Adra, Spain - Wikipedia, the free encyclopedia

Welcome to sunny Adra, Spain's best-kept secret - Telegraph


----------



## fatsam (Nov 23, 2012)

many thanks Virgil in will have a look at those cheers


----------



## virgil (May 3, 2012)

fatsam said:


> many thanks Virgil in will have a look at those cheers


You're welcome sam, it looks like a nice area?, let us know how y'all get on.


----------



## FletchinFrance (Aug 25, 2012)

fatsam said:


> hello and a happy new year to you
> are there any people on this forum that live in Adra?
> would like to know what its like i.e busy,quiet?... friendly,nice beach,plenty to do?
> seen a flat online 2 minutes from the port, only seen google earth and looks ok.
> ...


.

Check Adra out carefully. We had a place in Aquadulce, nearby. Bought in 1985' had a great time for sixteen years and sold up because the area to the west of Aquadulce, all the way through to Adra became the epicentre of the plastic greenhouse culture growing salad crops for Northern Europe. Also arrived was the support systems. ie transport companies, factories producing galvanized wire and the plastic tunnels. Along with prostitutes, drugs and all that goes with "the trade".

It may have all ended now, but I don't think so. Be careful of investing money in that particular area. Further west is good.

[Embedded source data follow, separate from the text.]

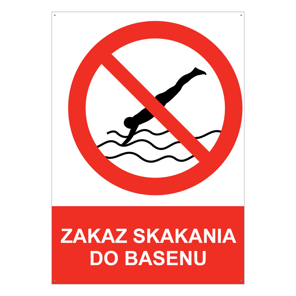 ZAKAZ SKAKANIA DO BASENU - znak BHP z dziurkami, płyta PVC A4, 2 mm
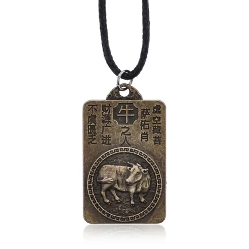 Амулет на шнурке, посвящённый году Быка по восточному гороскопу. Изготовлен из металла с покрытием под бронзу.
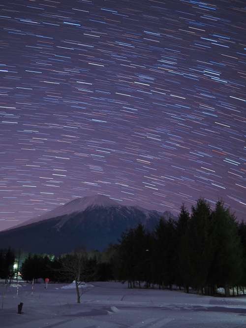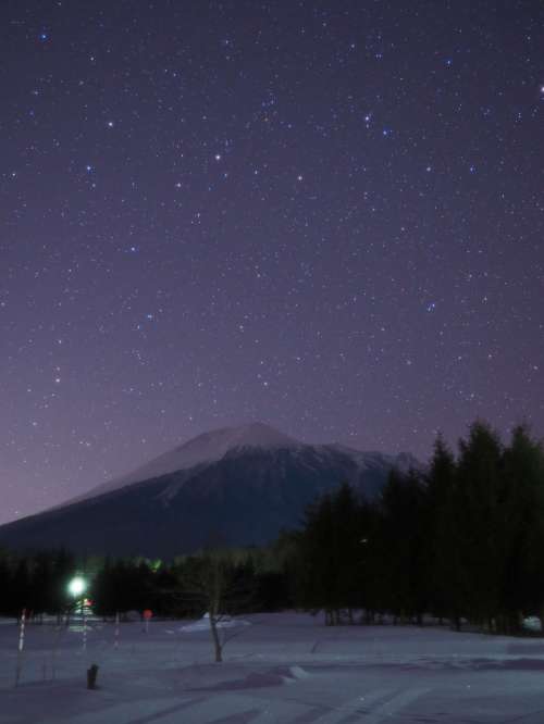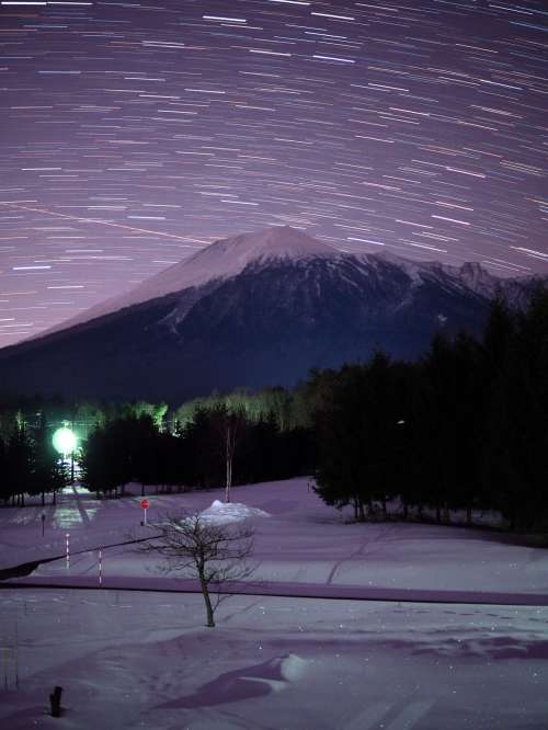 待望の雪景色での撮影であるが、困ったことにこの時期の夜半過ぎには巖手山の上の空には目立った星座等が見當たらず、いつものポータブル赤道儀を用いた追尾撮影では空が大変地味なものになってしまう。

Best wishes, Fletch in France.

Sent from my iPad using ExpatForum


----------



## fatsam (Nov 23, 2012)

*Adra*

thanks guys,i`ll have to get some time off soon and check this out i`ve seen places in valencia,motril and now adra must get out to spain to have a look


----------



## linken1647 (May 31, 2013)

*Adra*

Hello. I have just joined this forum and found your question re Adra. By now you probably have theinformation you were looking for but my husband and I have lived here for just over five years and love it. If you still have questions please post them on here and I will try to reply to them. Kind regards


----------



## fatsam (Nov 23, 2012)

thanks linken,just opened me e mails and saw reply,unfortunataley been so so busy working still have not had chance to come to spain to have a look around.(got to slow down...lol) i still keep looking .all the best


----------



## lenapaco (Nov 25, 2009)

*Moving to Adra*



linken1647 said:


> Hello. I have just joined this forum and found your question re Adra. By now you probably have theinformation you were looking for but my husband and I have lived here for just over five years and love it. If you still have questions please post them on here and I will try to reply to them. Kind regards


Hello, my name is Elizabeth and I am from Australia. My family and I are wanting to move to Adra because we have heard a lot of good things about it. Could you please share your experiences about Adra and hopefully give me a good insight as to the life there. I don't know anybody who lives there personally and when I read your response in regards to an earlier enquiry I thought I would like to get in contact with you. 
If you don't mind me asking what was it that made you and your husband choose to live in Adra amongst anywhere else in Spain?
My family and I want to make the best decision as to where the best place would be for us in Spain and it's like very overwhelming to decide but after all the research I've done it seemed like Adra was a perfect choice. 
I would love to hear back from you and I hope that you don't mind me writing to you. Of course the reason I joined this site was so I could get in touch with other expats.
Thank you for your time,
Regards Elizabeth.


----------



## linken1647 (May 31, 2013)

Hi. We have lived in Adra now for just over six years. We chose Adra because it is still very "Spanish" - no high rise hotels. Most of the year, except from mid June to mid Sept when the Spanish come here on holiday, it is very quiet. There is only a very small expat community and most of those live out of the town itself, but within a 5 mile drive so you will see English, German and Dutch here from time to time. There is a limited choice of restaurants but plenty of bars. You don't come to live in Adra if you want great night life because there isn't any, except when there is fiesta or if you get involved with local things going on, but no night clubs. The cinema and theatre only show Spanish films - never anything in another language. Make sure you learn Spanish before you come here because there are relatively few English speaking people even in shops and bars. Although any amount of Spanish you learn cannot prepare you for living here, particularly as the dialect is very rural and strong. Like most places in Spain, there is very little work here and any jobs going do require a fluent command of the Spanish language. We love it though and have no plans to move anywhere else for now


----------



## Sandra Biddulph (Dec 26, 2015)

*Living in Adra*

Hi 
My name is Sandra and I would like to know if you are still enjoying living in Adra two years on from your post on this site.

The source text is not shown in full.